My xe ôm set off, following a northerly route that led through neighborhoods I’d never quite noticed before, and deposited me at an open-air restaurant (I’ve forgotten its name) just far enough from a major intersection that it was nearly unnoticeable. As at many Vietnamese restaurants, the tables were close to the ground, and I had to squat on a low plastic stool. My food arrived with no fanfare: a melamine plate of cơm tấm, or broken rice, topped with a thin slab of pork chop, flecks of black char and chopped scallions floating on its film of fat and juices. On the side was a small bowl of nước chấm, a mix of fish sauce, lime juice, sugar, and water. Altogether, this makes cơm sườn nướng, grilled pork chops on rice, easily the most popular lunch item in the city.

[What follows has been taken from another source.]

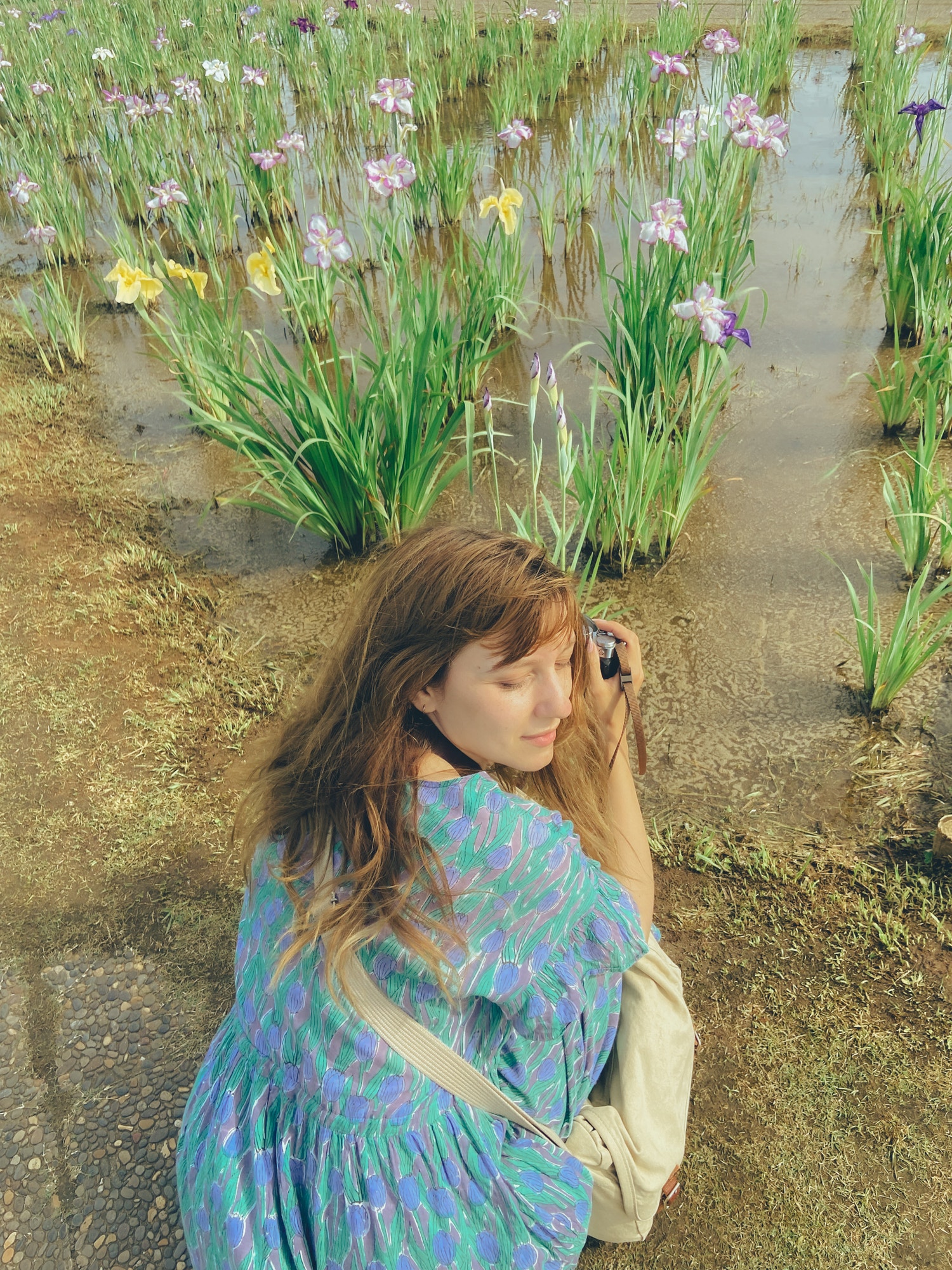 園内には、紫や白、黄色など、さまざまな種類の花菖蒲がずらり。風でふわりと揺れる花びらが可憐でした。

I pulled flimsy metal utensils from a container on the table and sawed off a piece of pork with the dull spoon edge, then drizzled it with nước chấm. Then I ate it. This…was…good! The marinade of fish sauce, sugar, garlic, and black pepper had penetrated deeply, and the high heat of the charcoal had caramelized it so quickly that the pork hadn’t had a chance to dry out. Even the broken rice, so named because it’s made from shattered, low-cost grains—it was a peasant staple I’d never cared for before—was just right, absorbing every drop of flavor.

Was this the best in the city? I wasn’t sure. I’d eaten cơm sườn nướng, dozens of times before, some of it quite excellent. But frankly, that didn’t matter. What mattered was that my experiment was a success, and I had a new way to eat in Saigon.